Tuesday, December 2, 2014

France Flooding: At Least Five Dead, Thousands Evacuated



Days of heavy rain in southern France triggered flash floods and severe river flooding, killing at least five people and forcing the evacuations of thousands.
"The culprit was a stuck upper-level low over the western Mediterranean Sea cutoff from the main jet stream," weather.com senior meteorologist Jonathan Erdman. "While this first low will weaken and slide east, another closed low aloft may form over the Iberian peninsula later this week, bringing more locally heavy rain to the south of France later this week."
Erdman said that, in just a few days, some areas in the region experienced rainfall totals more than double their average for the entire month.
"Perpignan, France picked up 8.75 inches (222 millimeters) of rain from November 28 to Devember 1, including 5.15 inches of rain on Nov. 30, alone, " said Erdman. "This one-day total is more than double the average November monthly rain, there (2.3 inches)."

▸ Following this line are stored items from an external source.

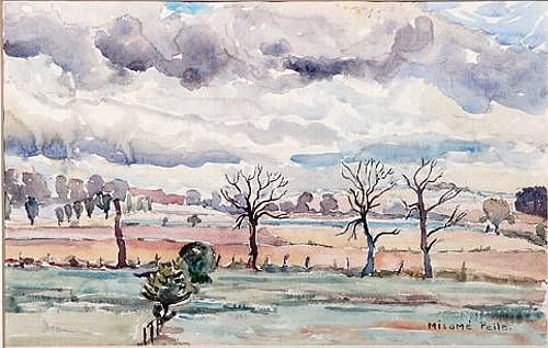 landscape 'Harvest over Fields looking to Whittenham Clump 1949'
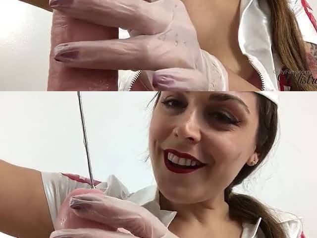 Sexy Nurse With Latex Gloves Empties Slave Balls
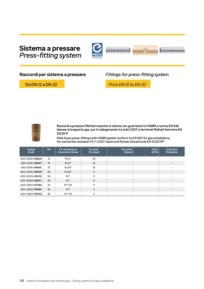 Sistemi di tubazioni per impianti gas / Tubing systems for gas installations
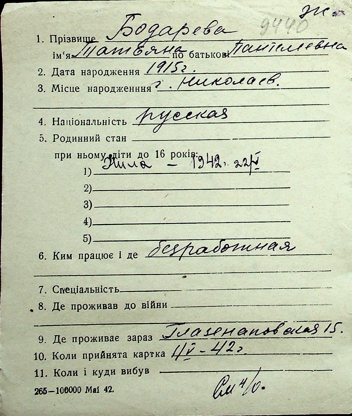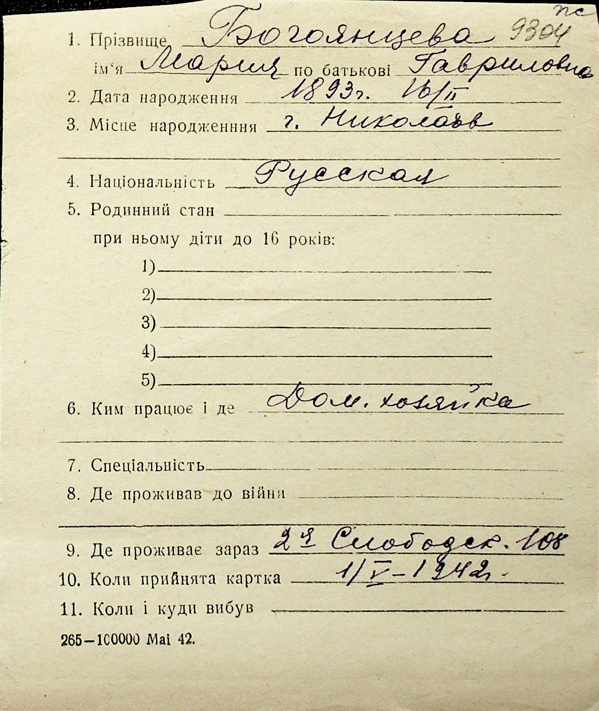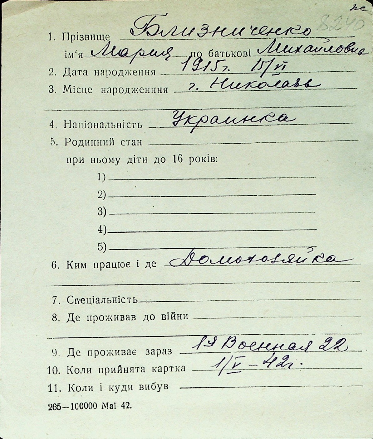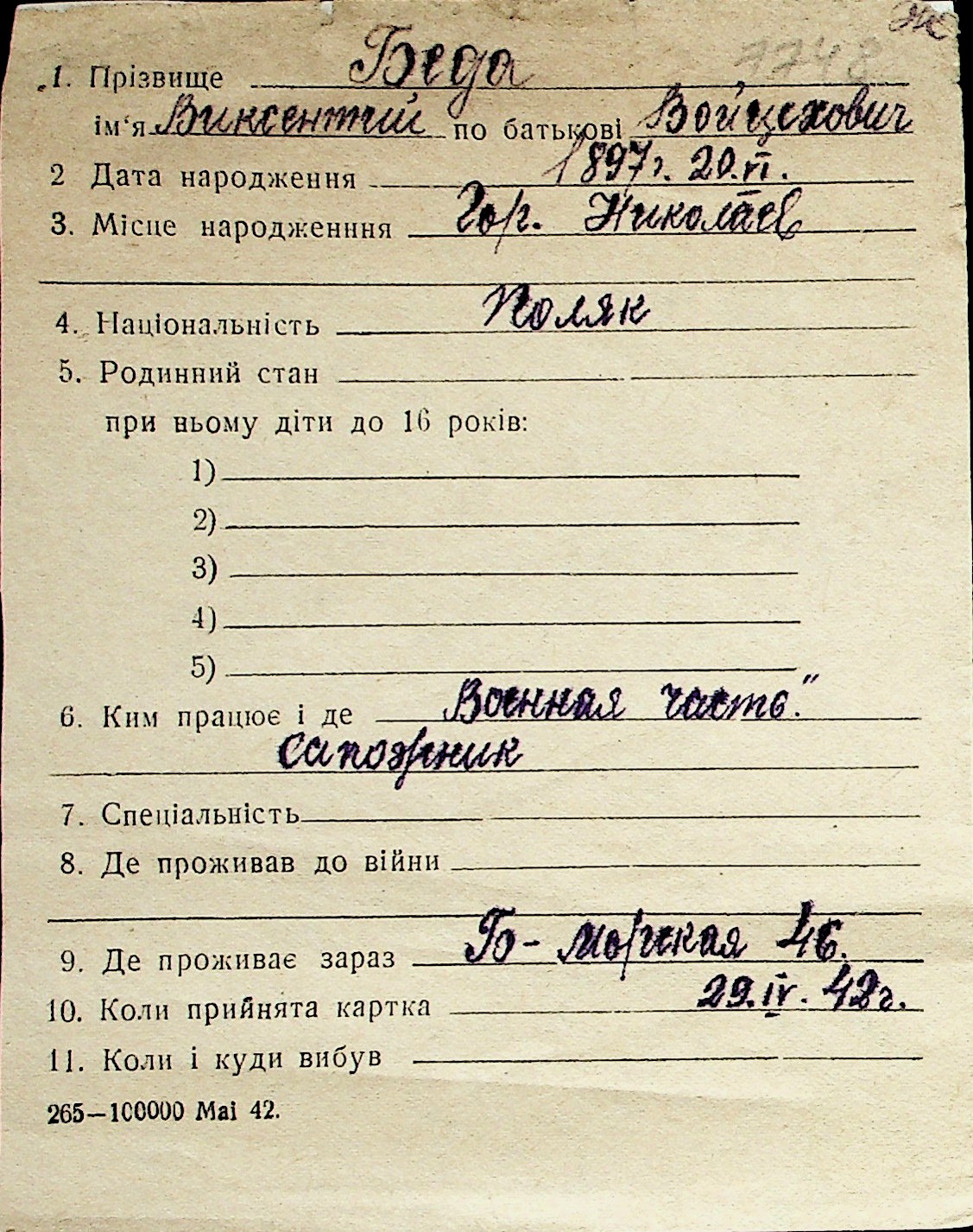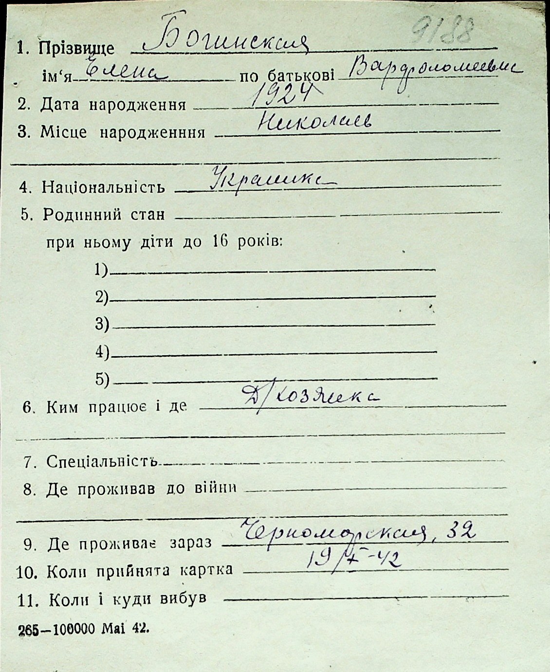 ◦ ◦ Перелік карток на осіб, які мешкали у м. Миколаїв у період окупації 1941–1944 років

And it was just to the north of Perpignan, along the banks of the Agly River, where French officials started evacuating residents. The Guardian reports that 2,800 people were evacuated along the swollen river Sunday. 
 
A similar scene was playing out in the communities surrounding Perignan, like Argelès-sur-Mer, Le Barcarès and Canet-en-Roussillon, where more than 500 people had been evacuated near flooded bodies of water. 
 
Unfortunately, the multi-day flooding event has already claimed at least five lives, the most recent of which was a 73-year-old man who died of cardiac complications after his car became stuck in a flooded roadway, the French edition of The Local reports.